By Dr Minh Alexander NHS whistleblower and former consultant psychiatrist, 9 January 2020
The government’s response in the last five years to the embarrassment of repeated NHS whistleblower scandals has been to spin, spin and spin some more.
There is a copious trail of failure by the National Guardian and her Office, which demonstrates arbitrariness and a bias to protecting the powerful, at the expense of safety culture and patients.
One of the National Guardian’s most serious failures is her resistance to helping ensure redress for harmed whistleblowers.
Some have been ruined after refusals by the National Guardian and her Office to intervene and challenge the detriment that they have suffered.
Poor handling of patient safety concerns has also been kicked into the long grass, because the National Guardian decided to reject referrals from whistleblowers if there are any outstanding employment processes, importantly including litigation. The latter can drag on for years.
“11. If I submit a case review referral, will the NGO definitely review my case?
The NGO will not review cases where:
• There is a police or fraud investigation
• There are outstanding decisions to be made in the case, such as an on-going employment tribunal
• There are practical barriers to the review, for instance where the matter relates to historic issues and appropriate evidence may not be available
• Where the available information suggests that minimal learning will be obtained by undertaking a review”
This is a ludicrous position. It allows ongoing harm both to whistleblowers and patients. It also sets up the excuse for another exclusion criterion – diminished relevance and limited scope for learning, based on arguments about the passage of time and turnover of key managers.
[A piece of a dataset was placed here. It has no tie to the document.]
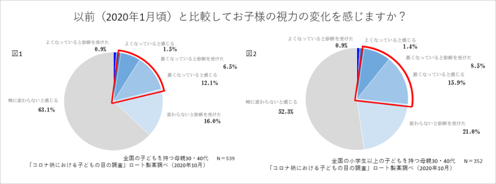 新型コロナウイルス感染症の流行前、2020年1月頃と比較し、約5人に一人(18.6%)は視力が悪くなっていると診断を受けたり、感じると回答しました(図1)。さらに小学生以上の子どもを持つ方では約4人に一人(24.4%)が視力が悪くなっていると診断を受けたり、感じると回答しました(図2)。

In other words, defend and delay.
Contradicting this strategy of prolonged non-intervention, the National Guardian’s Office in fact promised in 2017 to recommend the reinstatement of unfairly sacked whistleblowers. But there has been no obvious sign that it has actually done so in the intervening years:
Andrew Smith’s whistleblowing case at Mid Essex Hospital Services NHS Trust
Andrew Smith was a clinician, Gulf veteran and trade union representative who fell foul of Mid Essex Hospital Services NHS Trust just for doing his job as a rep.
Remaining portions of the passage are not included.